# Soaking hay in the winter?



## Lotty (7 October 2010)

My mare was diagnosed with laminitis earlier this year so I have to soak her hay for as long as possible. I have got a good routine going at the moment but I'm thinking ahead to winter 

Is there any way to soak hay this winter without it freezing? Does anyone have any good ideas?

Thanks


----------



## thatsmygirl (7 October 2010)

I will be interested in this one as well. I soaked hay all last winter for the same reasons. 
Firstly getting water was a nightmare to start with as taps were frozen solid so at the end off each day any dustbins etc were filled to the brim with water to help.
I put my dustbin in a spare stable with rugs round/ between hay bales etc but always froze.
In the morning the haynet was so frozen I stuggled to pull it out the bin as it was frozen to the sides and was a solid ice cube so had to boil the kettle a few times to defrost it.
Bloody nightmare
so any tips to make things easier bring them on


----------



## nikk62 (8 October 2010)

Hi,

I have the same problem but thought I would add that I used to soak my hay for 12 hours.
Recently I had a "scare" with my little pony escaping from her paddock.
I rang the Laminitis clinic who were really helpful and said that the hay only needs to be soaked for 1 hour. 
So now that's all I soak it for.

Not always easy when you live a few miles away from the yard though


----------



## 0ldmare (8 October 2010)

This is worrying me too! My mare has laminitis/recently diagnosed cushings and I'm going to have to soak  too.

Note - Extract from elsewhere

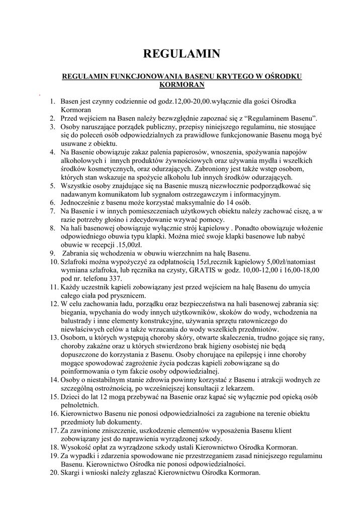 REGULAMIN REGULAMIN FUNKCJONOWANIA BASENU KRYTEGO W OŚRODKU KORMORAN . 1. Basen jest czynny codziennie od godz.12,00-20,00.wyłącznie dla gości Ośrodka Kormoran 2. Przed wejściem na Basen naleŜy bezwzględnie zapoznać się z “Regulaminem Basenu”. 3. Osoby naruszające porządek publiczny, przepisy niniejszego regulaminu, nie stosujące się do poleceń osób odpowiedzialnych za prawidłowe funkcjonowanie Basenu mogą być usuwane z obiektu. 4. Na Basenie obowiązuje zakaz palenia papierosów, wnoszenia, spoŜywania napojów alkoholowych i innych produktów Ŝywnościowych oraz uŜywania mydła i wszelkich środków kosmetycznych, oraz odurzających. Zabroniony jest takŜe wstęp osobom, których stan wskazuje na spoŜycie alkoholu lub innych środków odurzających. 5. Wszystkie osoby znajdujące się na Basenie muszą niezwłocznie podporządkować się nadawanym komunikatom lub sygnałom ostrzegawczym i informacyjnym. 6. Jednocześnie z basenu moŜe korzystać maksymalnie do 14 osób. 7. Na Basenie i w innych pomieszczeniach uŜytkowych obiektu naleŜy zachować ciszę, a w razie potrzeby głośno i zdecydowanie wzywać pomocy. 8. Na hali basenowej obowiązuje wyłącznie strój kąpielowy . Ponadto obowiązuje włoŜenie odpowiedniego obuwia typu klapki. MoŜna mieć swoje klapki basenowe lub nabyć obuwie w recepcji .15,00zł. 9. Zabrania się wchodzenia w obuwiu wierzchnim na halę Basenu. 10. Szlafroki moŜna wypoŜyczyć za odpłatnością 15zl,recznik kąpielowy 5,00zł/natomiast wymiana szlafroka, lub ręcznika na czysty, GRATIS w godz. 10,00-12,00 i 16,00-18,00 pod nr. telefonu 337. 11. KaŜdy uczestnik kąpieli zobowiązany jest przed wejściem na halę Basenu do umycia całego ciała pod prysznicem. 12. W celu zachowania ładu, porządku oraz bezpieczeństwa na hali basenowej zabrania się: biegania, wpychania do wody innych uŜytkowników, skoków do wody, wchodzenia na balustrady i inne elementy konstrukcyjne, uŜywania sprzętu ratowniczego do niewłaściwych celów a takŜe wrzucania do wody wszelkich przedmiotów. 13. Osobom, u których występują choroby skóry, otwarte skaleczenia, trudno gojące się rany, choroby zakaźne oraz u których stwierdzono brak higieny osobistej nie będą dopuszczone do korzystania z Basenu. Osoby chorujące na epilepsję i inne choroby mogące spowodować zagroŜenie Ŝycia podczas kąpieli zobowiązane są do poinformowania o tym fakcie osoby odpowiedzialnej. 14. Osoby o niestabilnym stanie zdrowia powinny korzystać z Basenu i atrakcji wodnych ze szczególną ostroŜnością, po wcześniejszej konsultacji z lekarzem. 15. Dzieci do lat 12 mogą przebywać na Basenie oraz kąpać się wyłącznie pod opieką osób pełnoletnich. 16. Kierownictwo Basenu nie ponosi odpowiedzialności za zagubione na terenie obiektu przedmioty lub dokumenty. 17. Za zawinione zniszczenie, uszkodzenie elementów wyposaŜenia Basenu klient zobowiązany jest do naprawienia wyrządzonej szkody. 18. Wysokość opłat za wyrządzone szkody ustali Kierownictwo Ośrodka Kormoran. 19. Za wypadki i zdarzenia spowodowane nie przestrzeganiem zasad niniejszego regulaminu Basenu. Kierownictwo Ośrodka nie ponosi odpowiedzialności. 20. Skargi i wnioski naleŜy zgłaszać Kierownictwu Ośrodka Kormoran. REGULAMIN UśYTKOWANIA SAUNY SAUNA JEST CZYNNA OD GODZ-14,00-19,00 1. Z sauny mogą korzystać osoby, które ukończyły 15 lat. Osoby poniŜej 15 lat mogą korzystać z sauny wyłącznie z pełnoletnim opiekunem. 2. Korzystanie z sauny przez dzieci poniŜej 6 lat i osoby powyŜej 50 lat powinno być skonsultowane z lekarzem. 3. W saunie moŜe przebywać maksymalnie do 4 osób. 4. Korzystający z kąpieli w saunie mają obowiązek uŜywania ręcznika kąpielowego 5. Sauna osiąga temperaturę od 60 do 70 stopni Celsjusza 6. Wartość temperatury widoczna jest na termometrze umieszczonym wewnątrz sauny jak i na zewnątrz w drewnianej skrzynce 7. KaŜdy korzystający podejmuje kąpiel w saunie na własne ryzyko i odpowiedzialność. 8. Zabrania się korzystania z sauny osobom, których stan zdrowia, a zwłaszcza choroby serca mogą stanowić zagroŜenie utraty zdrowia lub Ŝycia. 9. W przypadku nagłego pogorszenia się samopoczucia w saunie naleŜy powiadomić o tym fakcie obsługę sauny. 10. Przed rozpoczęciem kąpieli korzystający z sauny mają obowiązek zapoznania się ze szczegółowymi wskazaniami i przeciwwskazaniami do stosowania sauny oraz z instrukcją uŜytkowania. 11. W saunie zabrania się: przesuwania oraz dotykania pieca i kamieni, leŜenia lub siedzenia bezpośrednio na deskach ławki (bez rozścielonego ręcznika) nieuzasadnionego uŜywania dzwonka alarmowego, otwieranie sterownika sauny, niszczenie wyposaŜenia sauny, wchodzenia do sauny pod wpływem alkoholu, silnych lekarstw lub narkotyków, 12. W saunie obowiązują ogólne przyjęte zasady dobrego wychowania. 13. O kaŜdej sytuacji zagraŜającej bezpieczeństwu w saunie oraz jej uszkodzeniu naleŜy niezwłocznie powiadomić obsługę obiektu. INSTRUKCJA BEZPIECZNEGO KORZYSTANIA Z SAUNY Z sauny naleŜy korzystać w kostiumie bawełnianym. Wskazane jest siedzenie lub leŜenie na ławkach na własnym ręczniku. Niedozwolone jest korzystanie z sauny z kolczykami, biŜuterią, łańcuszkami i zegarkami. W saunie nie naleŜy przebywać w okularach i szkłach kontaktowych. Z sauny nie mogą korzystać osoby: • chore na serce, z nadciśnieniem, po udarach, • z chorobami naczyń krwionośnych, w ciąŜy, • ze stanami zapalnymi narządów wewnętrznych, • z gorączką, chore na tarczycę, chore na padaczkę (epilepsję), • małe dzieci z powodu braku wykształcenia w organizmie ośrodka termoregulacji. 6. Najkorzystniejsza temperatura dla ciała to 70-90*C. 7. Dwukrotne wejście do sauny na około 15 min. kaŜde, jest wystarczającym zabiegiem dla naszego organizmu. 8. W przerwie i po zakończeniu seansu wskazany jest wypoczynek. 9. Po wyjściu z sauny naleŜy umyć ciało i ochłodzić

I think what I'm going to do is switch her to blue horsehage for the worst 3 months to be honest. Its an expensive solution when I've got a barn full of hay though. Just can't think what else to do. I don't even have any proper drains so even getting rid of the water is going to be difficult let alone frozen taps etc. Someone needs to invent something!!!


----------



## Tezzy (9 October 2010)

I have been soaking hay for a while now. We had a problem at the yard where the water stopped running. It was a nightmare. I had to take a bale of hay home in the back of my car (Back seats dropped). It was a right mess. I then used one of the recycling bustins at home & put it in the garage to soak the hay & then hang it up in there to dry. I will be do the same thing this winter. I then put the haynet in a gaint black bag & took it up in the morning.
It takes me ages to hoover the boot out after taking the bale of hay out


----------



## SVMel (9 October 2010)

Have you got electric at the yard??

The only thing I can think of is to soak, as you can't do much else, then to use a steamer to thaw it out when you need it? Just a bog standard household steamer should do it, mine has a nozzle attachment which makes it easy to direct the steam to where you want it. Would also help thaw taps etc, you could bring the water for the steamer from home each day.

Or am I just being really daft????????


----------



## thatsmygirl (9 October 2010)

I find I can't use the blue horsehage on my little man. It makes him fat so quickly and he had colic while on it as hay was short for a few weeks. He had to have such a small amount so not to put any more weight on that he had eatten it in a matter off mins and when u can't turn out on frozen grass you want them to be able to stay happy and nibble away. Soaked hay my boy can more or less eat at lib so will stick to hay but just gona be hard again me thinks.


----------



## Shay (9 October 2010)

Steaming is the obvious solution assuming you have electricty.  You don't have to buy a purpose built steamer - you can make one with a DIY wallpaper stripper, and old dustbin and some black plastic.  If you search the forum you should find instructions.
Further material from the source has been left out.